Super simple O(n) Bucket Sort based Java solution (11 ms). No fancy Data structure needed. Beats 96%.


  • 14
    P

    Could not find a simpler way to do this. I see people are using HashMap/TreeMap which are not at all required. If you know bucket sort then following solution will be easy to understand!

    public String frequencySort(String s) {
            if(s.length() < 3)
                return s;
            int max = 0;
            int[] map = new int[256];
            for(char ch : s.toCharArray()) {
                map[ch]++;
                max = Math.max(max,map[ch]);
            }
            String[] buckets = new String[max + 1]; // create max buckets
            for(int i = 0 ; i < 256; i++) { // join chars in the same bucket
                String str = buckets[map[i]];
                if(map[i] > 0)
                    buckets[map[i]] = (str == null) ? "" + (char)i : (str + (char) i);
            }
            StringBuilder strb = new StringBuilder();
            for(int i = max; i >= 0; i--) { // create string for each bucket.
                if(buckets[i] != null)
                    for(char ch : buckets[i].toCharArray())
                        for(int j = 0; j < i; j++)
                            strb.append(ch);
            }
            return strb.toString();
        }
    

  • 1
    M

    @piyush121 The following loop is unnecessary.
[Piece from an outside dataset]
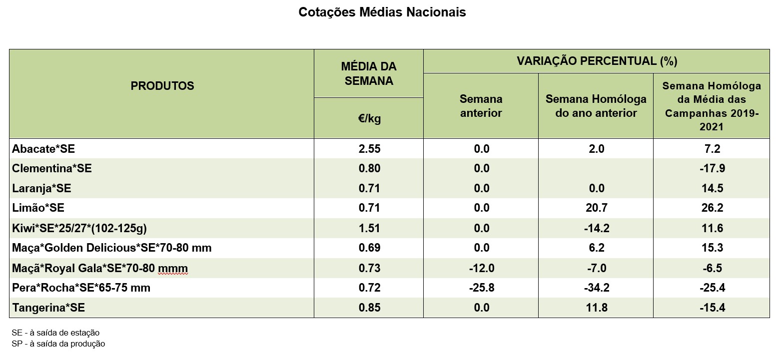 Exportação de maçã de qualidade para alguns países da Europa, Africa, Médio Oriente e América do Sul, principalmente das variedades “Golden” e “Royal Gala”. Algumas cotações mais baixas refletem a maçã atingida pelo granizo que os produtores, à semelhança da semana passada, tentam colocar nos mercados menos exigentes. A grande distribuição tem valorizado a maçã “Royal Gala” do Oeste em detrimento da produzida na região Norte. Esta campanha teve produções superiores em todas as variedades, aumentos na ordem dos 40% a 50%.

    for(int num : map) // find max.
                if(num > max)
                    max = num;
    

    max can be calculated in the previous loop as follows :

    for(char ch : s.toCharArray()) 
                map[ch]++;
                max = Math.max(max,map[ch]);
    }
    
    

  • 1
    N

    Looks like it is not in O(n) in the worst case. For example, consider input cases with heavy repetition, such as: "teeeeeeeeeeee... e. till n times". your algorithm runs O(nkn) [from last loop] which is roughly O(n^2), since k is constant or significantly less in these type of input cases. please correct me if I am wrong.


  • 1
    P

    @mohan.s.upadhyay Yes, You're right. Just updated the code.


  • 0
    K

    I think an array of size 128 is enough, as I used an array of that size and got approved.


  • 0
    P

    @Kongo Yes, I think you're right.


  • 7

    @piyush121 another thing to consider here is the space complexity when your frequency distribution is almost bimodal; as @nikprashanth pointed out earlier, if you have a string with a single character with a high frequency (ex: 1 million) and the rest of the characters in the single digits, you're instantiating an array (for your buckets) w/ size 1 million. It is in situations like these that the heap-based solutions are space-bound by the number of unique characters (as opposed to their counts which arguably has a higher upper bound). Naturally, the bucket-sort solution only works well when the range of characters is constrained (ex: 7-8bit ASCII) but croaks when supplied UTF-8/UTF-16 strings.


  • 0
    P

    @schumpeter Totally agree.


  • 0
    B

    Another thing which is non linear is when you append the characters in the frequency array. String concatenation with + takes quadratic time. It's not too bad here because the number of distinct characters is not too high (128, or maybe 26).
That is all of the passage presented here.